The Stories We Tell Ourselves

August 27, 2020 § 2 Comments

My aunt used to hold an annual Christmas Eve party at her apartment on the eighth floor of a building just two blocks from ours in New York City. It was a small group, rarely more than twelve, and we were the only relatives ever invited. We only saw these friends of my aunt once a year, but before the elevator reached the bottom floor at the end of the evening, I was already looking forward to next year’s gathering. My aunt had been the editor in chief of a major magazine, and her friends were artistic, eccentric, and alluringly mysterious.

There was one woman in particular whom I adored. Always the last to arrive, she would come through the door shrouded in a floor-length black fur coat. Her perfect coif of white hair was sharply angled at her chin, and she moved in a cloud of exotic perfume. Her raspy smokers’ voice was fond of the word “darling,” and she always addressed me as if I was an adult. Perched on the sofa sipping my ginger ale, I inched as close to her as I could, throwing back my head with laughter as she did.

She lived downtown where the artists were, and I knew little about how she spent her days, other than that she and her husband had never had children. What I wouldn’t give to go back in time and ask her any number of questions! As children, we’re content with the stories we tell ourselves, the ones we make up in her head, and I fashioned endless stories for this larger-than-life woman in black, who seemed to float effortlessly around my aunt’s apartment, captivated by everything and nothing at the same time.
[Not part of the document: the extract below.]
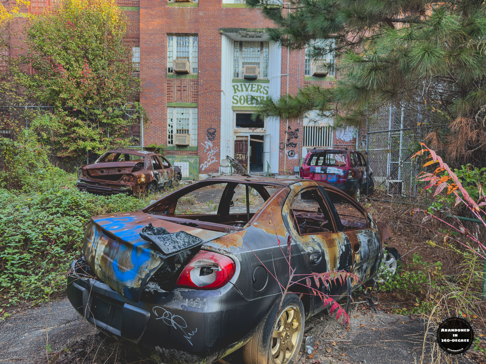 For more than a decade after its closure, Rivers State Prison simply sat in limbo. The State of Georgia retained ownership, but with no funds allocated for demolition or redevelopment, the property slowly deteriorated. Locals driving past the old hospital grounds could only wonder what would become of the fenced-in abandoned prison, as weeds overtook the fences and the paint peeled a bit more each passing season. It wasn’t until 2019 that the site saw a brief flicker of new activity – not from new inmates or redevelopment, but from Hollywood. A film production company leased the disused prison campus and used it as a filming location for several low-budget movies. For a short time, the cellblocks and halls were filled with actors and film crews instead of prisoners. The movie magic left its mark: when the filmmakers departed, they left behind props and set pieces that only added to the prison’s creepy ambiance. Today, explorers might stumble upon fake blood splatters, rubber “zombie” dummies, and even burned-out cars strewn about the complex – remnants of horror and action scenes that were staged on the grounds. These artifacts, combined with over a decade of neglect, have made the prison even more surreal. Graffiti tags now adorn many walls, ivy and kudzu vines snake up the brick exteriors, and whole sections of the campus are choked with overgrowth. Officially, Rivers State Prison remains in a state of arrested decay, watched over only sporadically by state security patrols. Unofficially, however, it has become a magnet for curious urban explorers (and intrepid photographers) drawn to its mix of history, mystery, and atmospheric ruin.

Sophie Dahl’s marvelous picture book, Madame Badobedah (Ages 5-9), told in three chapters over 53 pages and amply accentuated with retro illustrations by Lauren O’Hara, stars a young protagonist spellbound by an eccentric stranger who shows up for an unlimited stay at her parents’ hotel by the sea. This stranger barely opens her mouth before Mabel has developed theories about the feathers draped around her neck, her stacks of weathered trunks, and her prized pet tortoise. But warm to her from the start Mabel does not. Resentful of the woman’s haughty demeanor, Mabel quickly convinces herself that, rather than a solitary woman healing from heartbreak, she’s a jewel thief on the run. What follows is a riotous narrative, ultimately giving way to a warm intergenerational friendship perched somewhere in the middle of fiction and reality.